INPUT RECORDS.
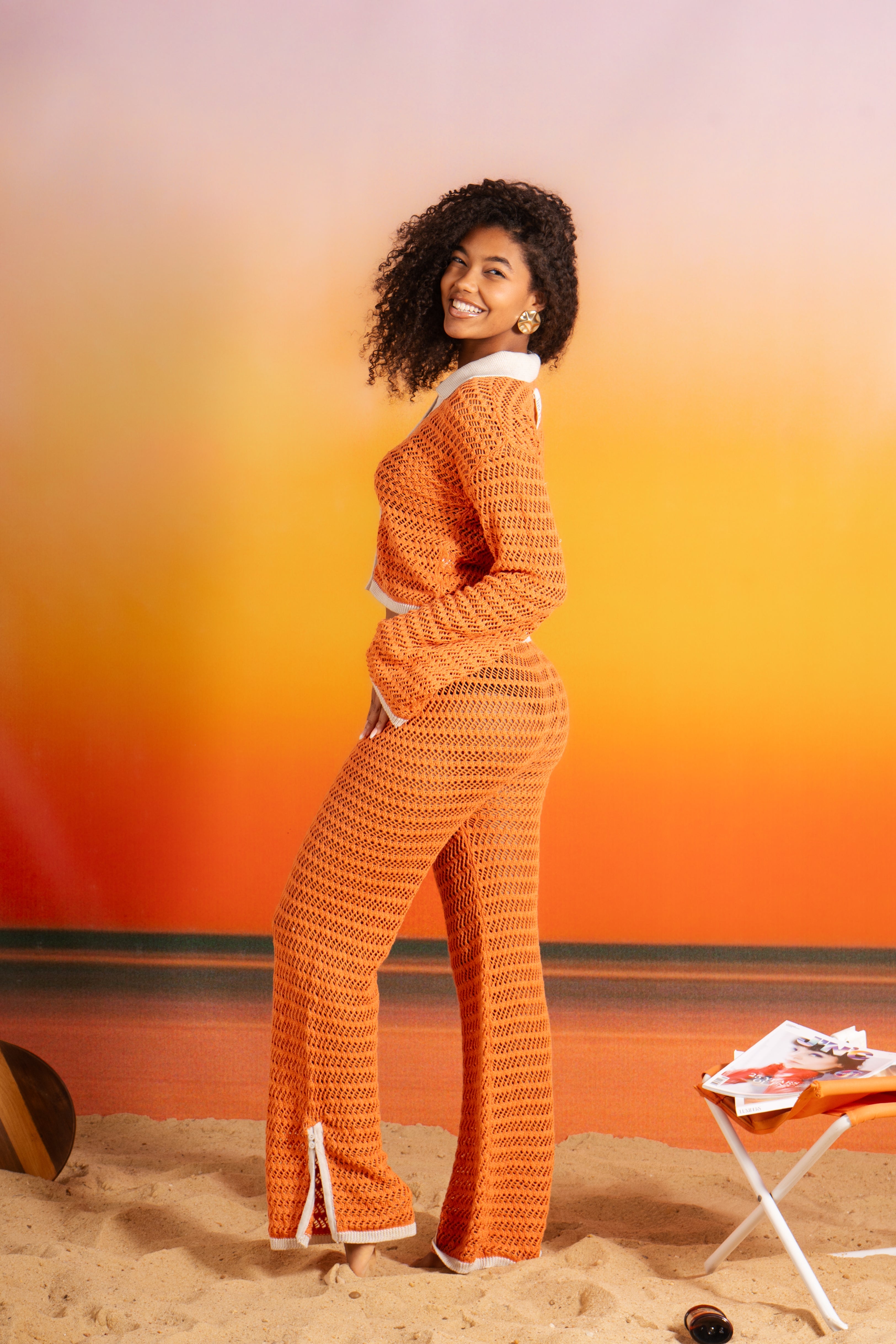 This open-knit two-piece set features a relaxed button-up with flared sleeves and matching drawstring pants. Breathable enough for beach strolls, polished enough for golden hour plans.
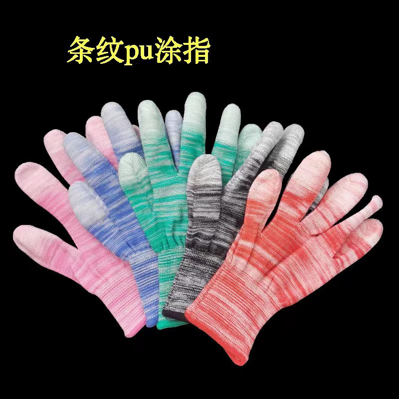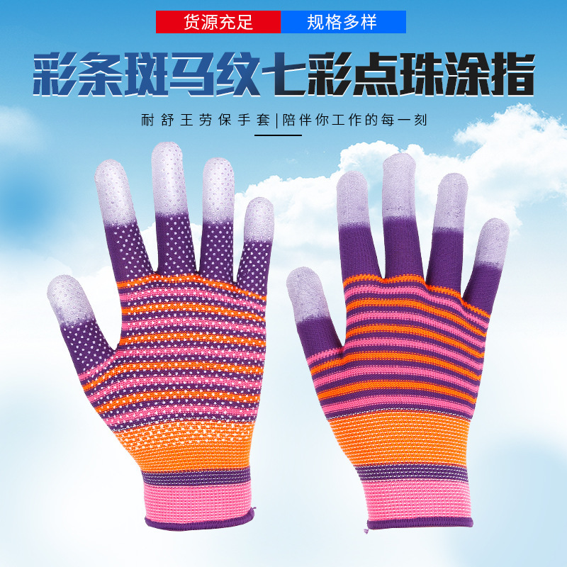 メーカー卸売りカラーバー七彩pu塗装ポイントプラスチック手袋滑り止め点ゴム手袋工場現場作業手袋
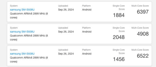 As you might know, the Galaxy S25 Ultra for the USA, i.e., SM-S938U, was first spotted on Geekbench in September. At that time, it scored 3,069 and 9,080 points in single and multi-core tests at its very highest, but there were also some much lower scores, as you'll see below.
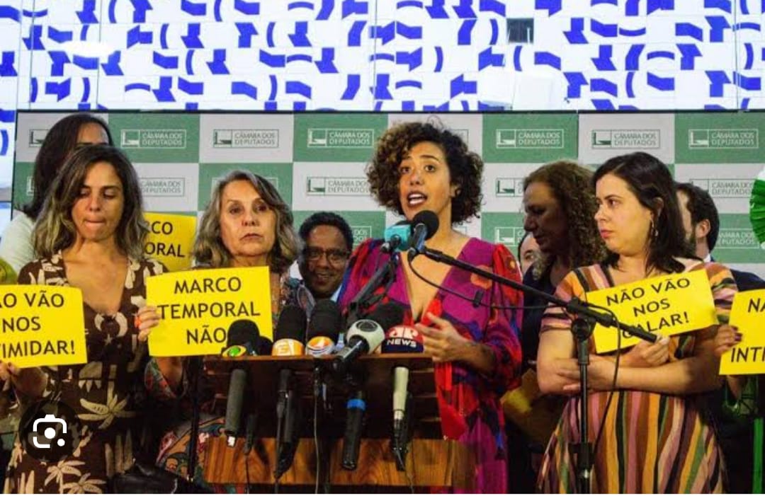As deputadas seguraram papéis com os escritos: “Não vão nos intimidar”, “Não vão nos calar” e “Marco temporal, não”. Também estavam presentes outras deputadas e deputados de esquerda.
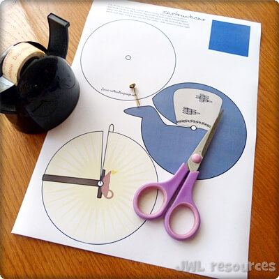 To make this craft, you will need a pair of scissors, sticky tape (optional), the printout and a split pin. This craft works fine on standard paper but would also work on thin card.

WHAT THE TASK REQUIRES. Could you reproduce exactly, and only, the lines from the start of the records through the line containing "As deputadas seguraram", leaving out the pictures?

RESPONSE.
 This open-knit two-piece set features a relaxed button-up with flared sleeves and matching drawstring pants. Breathable enough for beach strolls, polished enough for golden hour plans.
 メーカー卸売りカラーバー七彩pu塗装ポイントプラスチック手袋滑り止め点ゴム手袋工場現場作業手袋
 As you might know, the Galaxy S25 Ultra for the USA, i.e., SM-S938U, was first spotted on Geekbench in September. At that time, it scored 3,069 and 9,080 points in single and multi-core tests at its very highest, but there were also some much lower scores, as you'll see below.
As deputadas seguraram papéis com os escritos: “Não vão nos intimidar”, “Não vão nos calar” e “Marco temporal, não”. Também estavam presentes outras deputadas e deputados de esquerda.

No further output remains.